Auditing

Depending on the application, there may be legal requirements for auditing users' operations and recording all data access. Auditing can provide evidence that links customers to specific requests. Affirming validity is an important factor in many online business systems to help maintain trust between the customer and the business responsible for the application, or service.

Requirements for auditing

An analyst can trace the sequence of business operations that users perform so that you can reconstruct users' actions. Tracing the sequence of operations may be necessary as a matter of record, or as part of a forensic investigation.

Audit information is highly sensitive. This information includes data that identifies the users of the system and the tasks that they're doing. Reports contain sensitive audit information available only to trusted analysts. An analyst can generate a range of reports. For example, reports may list the following activities:

  • All users' activities occurring during a specified time frame.
  • The chronology of a single user's activity.
  • The sequence of operations performed against one or more resources.

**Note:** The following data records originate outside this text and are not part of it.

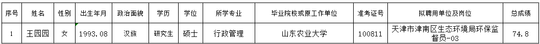 天津市津南区2020年度公开招聘编制外合同制工作人员公示表(第二批)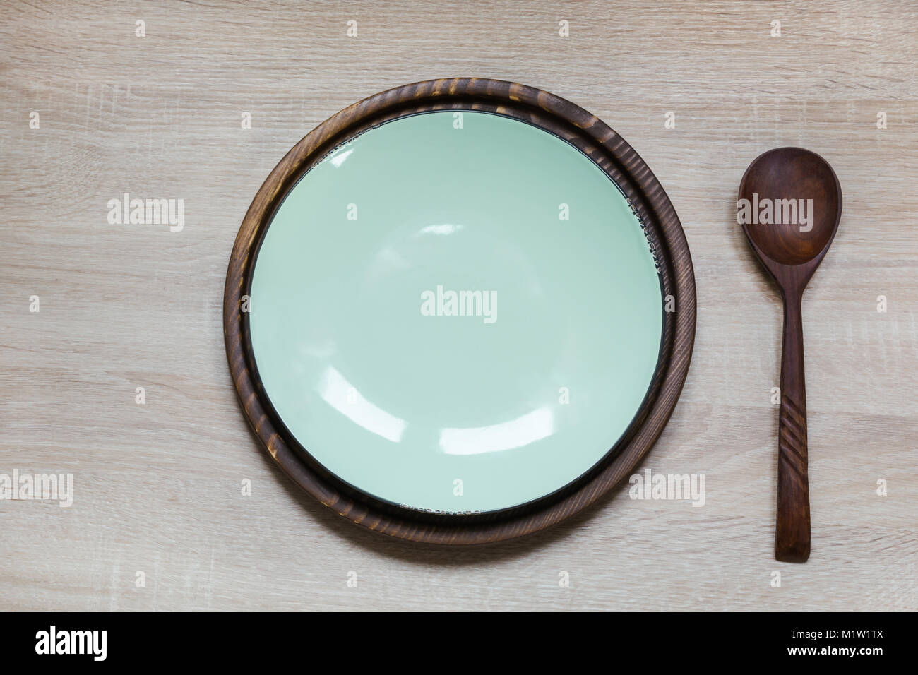 Elegance Table Set With Turquoise Plate On Wooden Table Top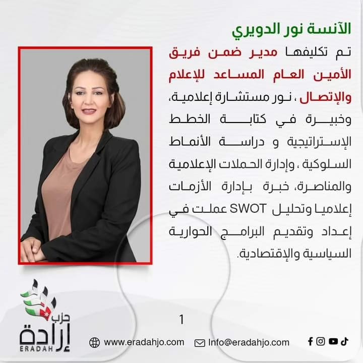 تكليف نور الدويري مديراً تنفيذياً للإعلام وإدارة المحتوى في حزب إرادة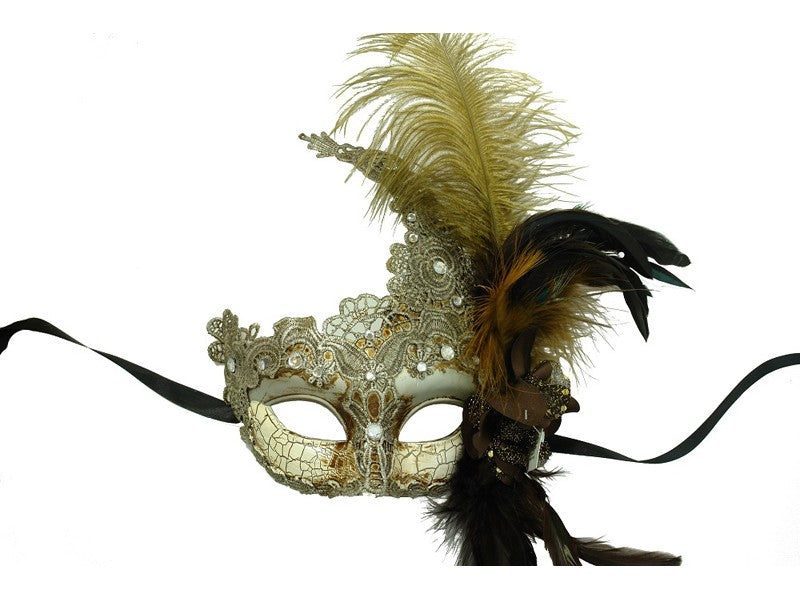 Antique Silver Mask with Feathers, Lace, & Crystals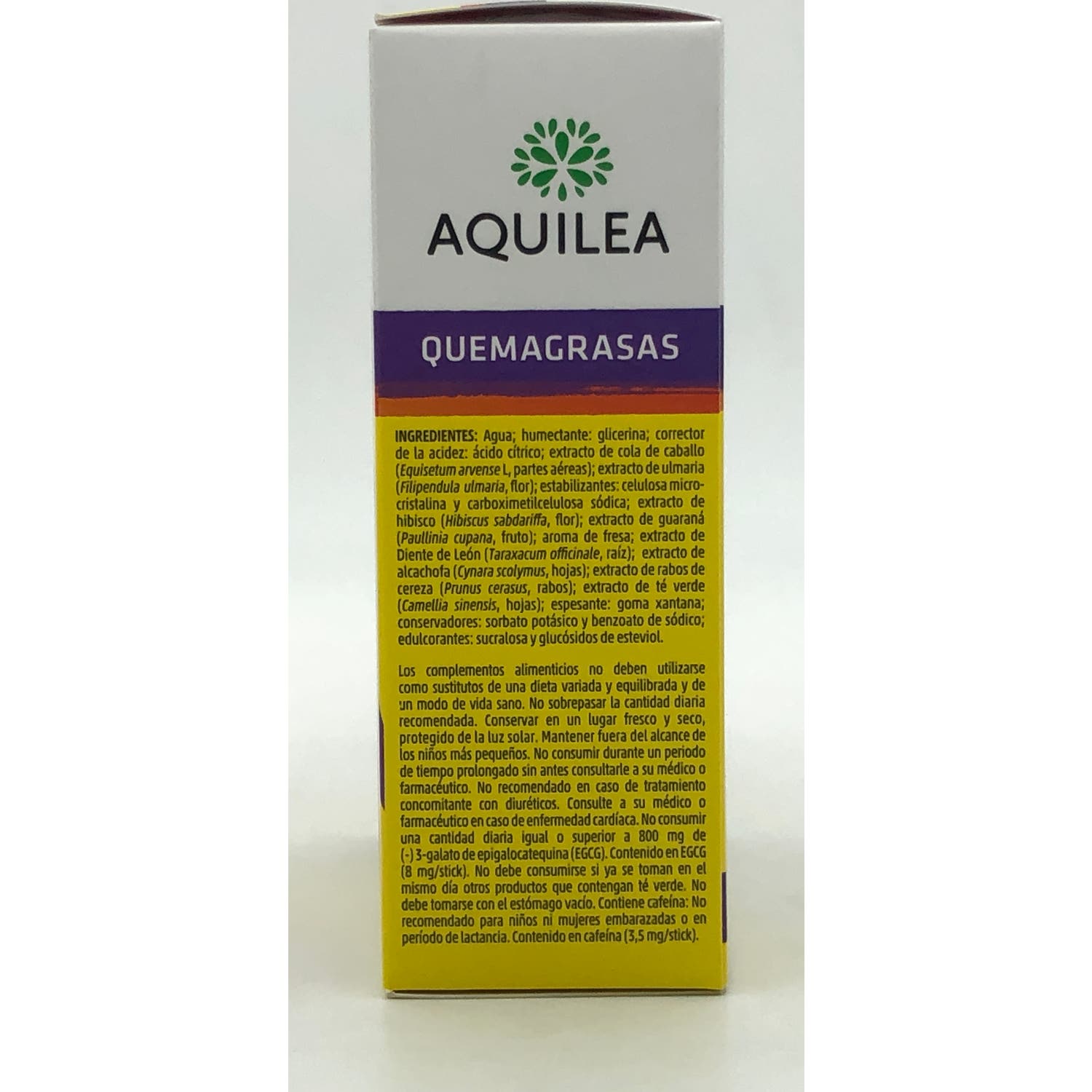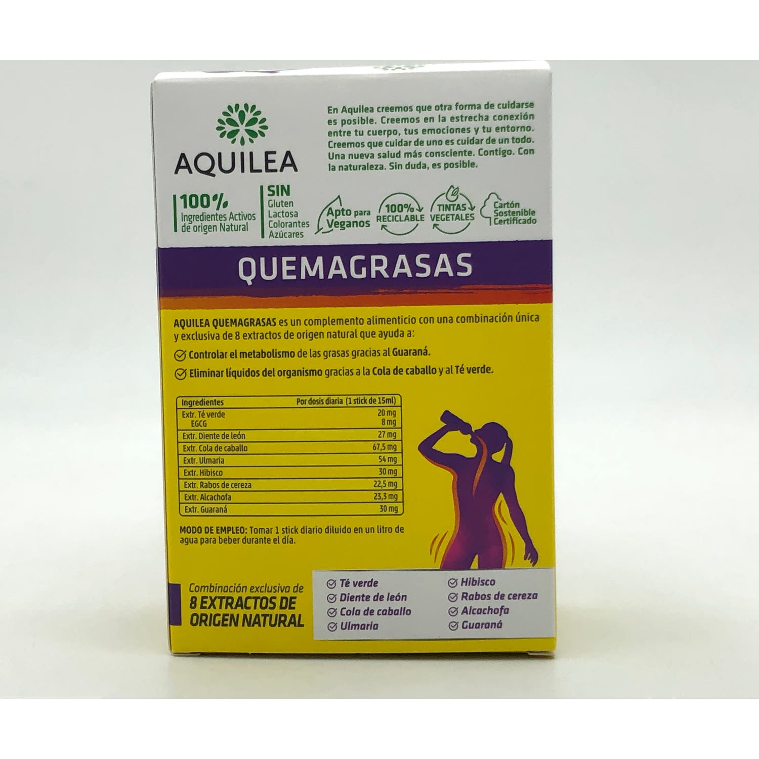 Aquilea Quemagrasas 15 sticks es un complemento alimenticio en forma de stick soluble que ayuda a eliminar líquidos y da soporte en la quema de grasas.

Requirements for data collection

The primary sources of auditing information can include:

  • The security system that manages user authentication.
  • Trace logs that record user activity.
  • Security logs that track all network requests.

Regulatory requirements may dictate the format of the audit data and the way it's stored. For example, it may not be possible to clean the data in any way. It must be recorded in its original format. Access to the data repository must be protected to prevent tampering.

Analyze audit data

An analyst must access all the raw data in its original form. Aside from the common audit report requirement, the tools for analyzing this data are specialized and external to the system.